» How to complete this task
Would you retype the whole listing exactly, leaving its pictures out?

» Dataset section

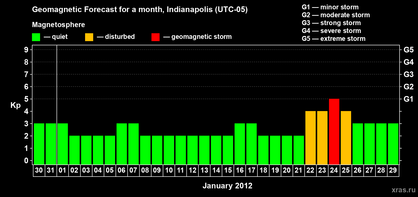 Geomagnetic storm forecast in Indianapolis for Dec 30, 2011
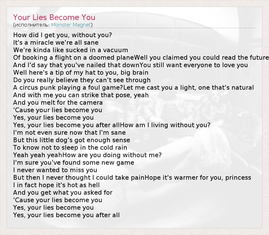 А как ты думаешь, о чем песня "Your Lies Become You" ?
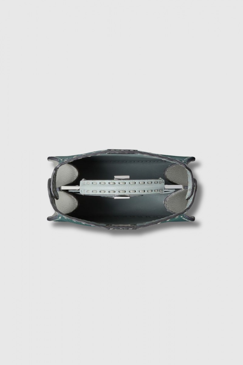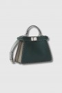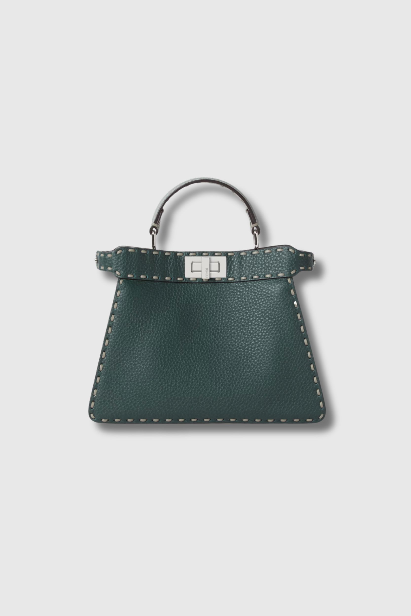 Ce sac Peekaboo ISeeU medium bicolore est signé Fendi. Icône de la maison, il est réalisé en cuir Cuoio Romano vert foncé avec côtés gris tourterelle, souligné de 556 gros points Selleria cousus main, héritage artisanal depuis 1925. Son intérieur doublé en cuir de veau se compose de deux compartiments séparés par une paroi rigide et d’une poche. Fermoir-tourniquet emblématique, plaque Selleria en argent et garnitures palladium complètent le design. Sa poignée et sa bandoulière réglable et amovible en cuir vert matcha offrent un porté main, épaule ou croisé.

» Response area
 Geomagnetic storm forecast in Indianapolis for Dec 30, 2011
 А как ты думаешь, о чем песня "Your Lies Become You" ?
 Ce sac Peekaboo ISeeU medium bicolore est signé Fendi. Icône de la maison, il est réalisé en cuir Cuoio Romano vert foncé avec côtés gris tourterelle, souligné de 556 gros points Selleria cousus main, héritage artisanal depuis 1925. Son intérieur doublé en cuir de veau se compose de deux compartiments séparés par une paroi rigide et d’une poche. Fermoir-tourniquet emblématique, plaque Selleria en argent et garnitures palladium complètent le design. Sa poignée et sa bandoulière réglable et amovible en cuir vert matcha offrent un porté main, épaule ou croisé.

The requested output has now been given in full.